P1.47 Monitoring middle and upper tropospheric humidity from satellite microwave sensors: Applications for tropical cyclone studies and climate monitoring

Tuesday, 17 April 2012
Heritage Ballroom (Sawgrass Marriott)
Eui-Seok Chung, Univ. of Miami/RSMAS, Miami, FL; and B. J. Soden and V. O. John

Mid-tropospheric humidity is widely recognized to be an important variable in determining the development and intensification of tropical cyclones. However a clear understanding of its role is limited, in part, by the lack of observations with sufficient coverage and accuracy to adequately quantify the concentrations of water vapor in the mid-troposphere. In-situ measurements offer limited coverage and global assimilation products of free tropospheric humidity are notoriously unreliable. Fortunately, the water vapor channels located at 183.31±1 GHz and 183.31±3 GHz are sensitive to upper and middle tropospheric relative humidity and much less prone to the clear-sky sampling bias than infrared sensors, making them a valuable source of information on free tropospheric water vapor.

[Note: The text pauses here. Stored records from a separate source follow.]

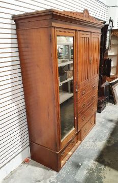 Edwards & Roberts Edwardian walnut compactum with shaped cornice to two cupboard doors, above three long drawers flanked by mirrored wardrobe door to the left hand side, above two drawers, 208cm x 156.5cm x 55cm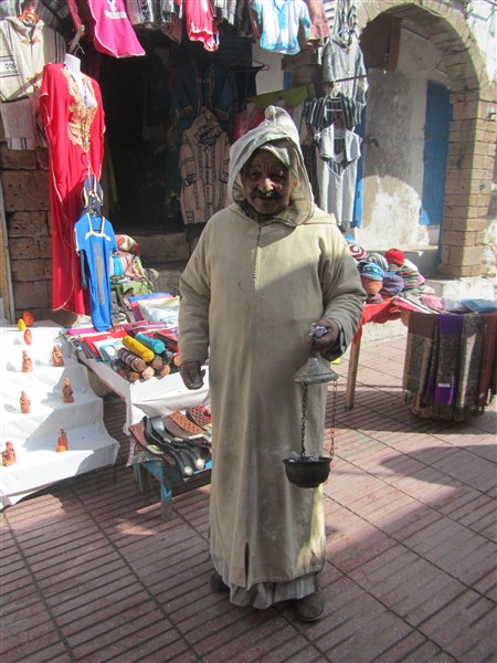 Older Moroccan an with djellaba and incense in a souk in the Medina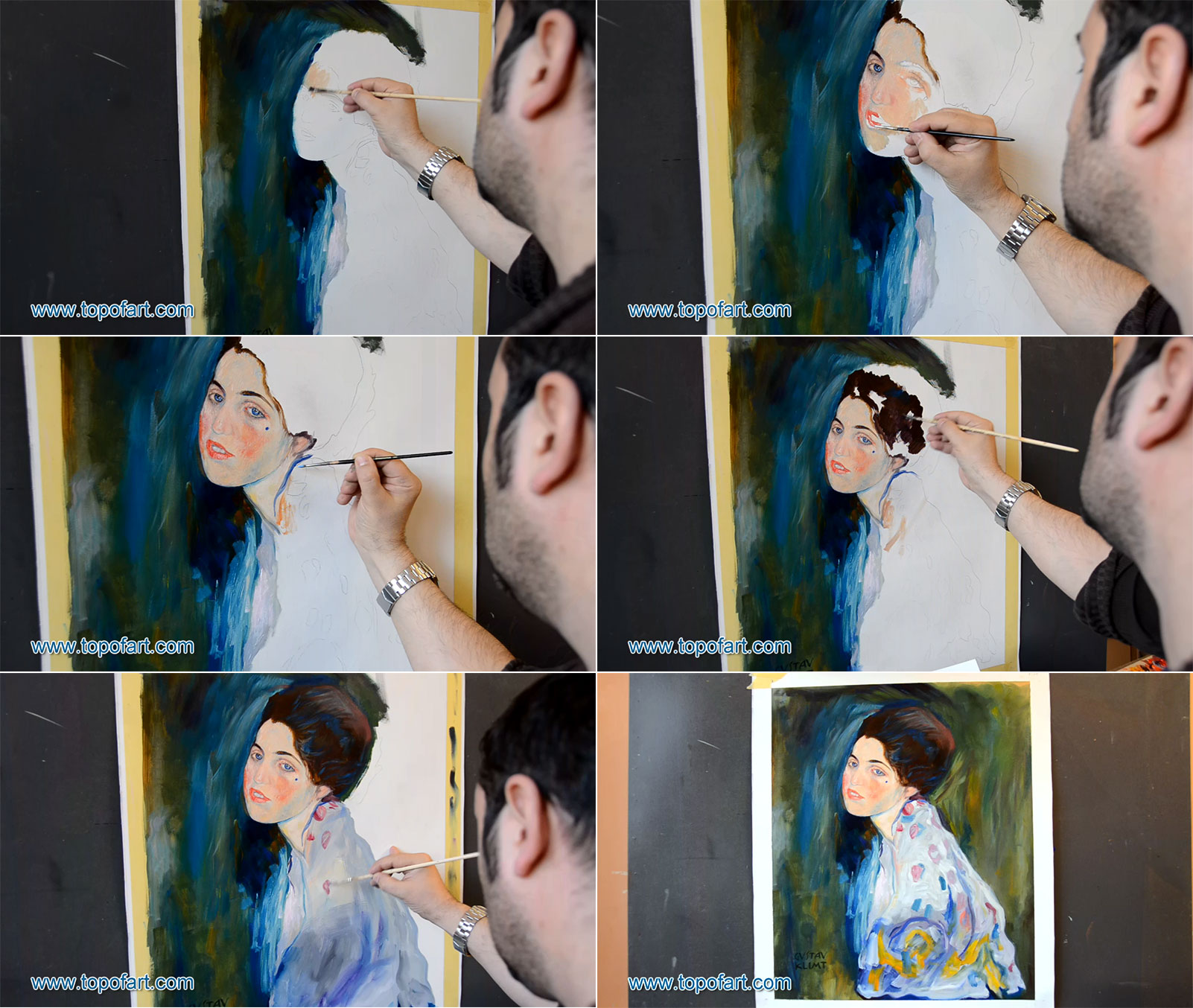 Watch a video showcasing the creation of a hand-painted reproduction of Portrait of a Young Woman by Klimt in our TOPofART studio. Witness the step-by-step process as our artists bring this masterpiece to life.

To make 183 GHz water vapor channel measurements more suitable for both diagnostics studies of tropical cyclone development and long-term climate monitoring, we identify biases and spurious trends in the measurements and document necessary correction procedures. A limb correction method removes the scan angle dependence of the cloud-filtered radiances. Biases due to the difference in local observation time between satellites and spurious trends associated with satellite orbital drift are then diagnosed and adjusted using synthetic radiances from reanalysis products. These correction procedures significantly improve the consistency and quantitative agreement between microwave satellite records of upper and middle tropospheric water vapor. Applications of these products to the analysis of tropical cyclone development and long-term monitoring of the tropics will be presented at the conference.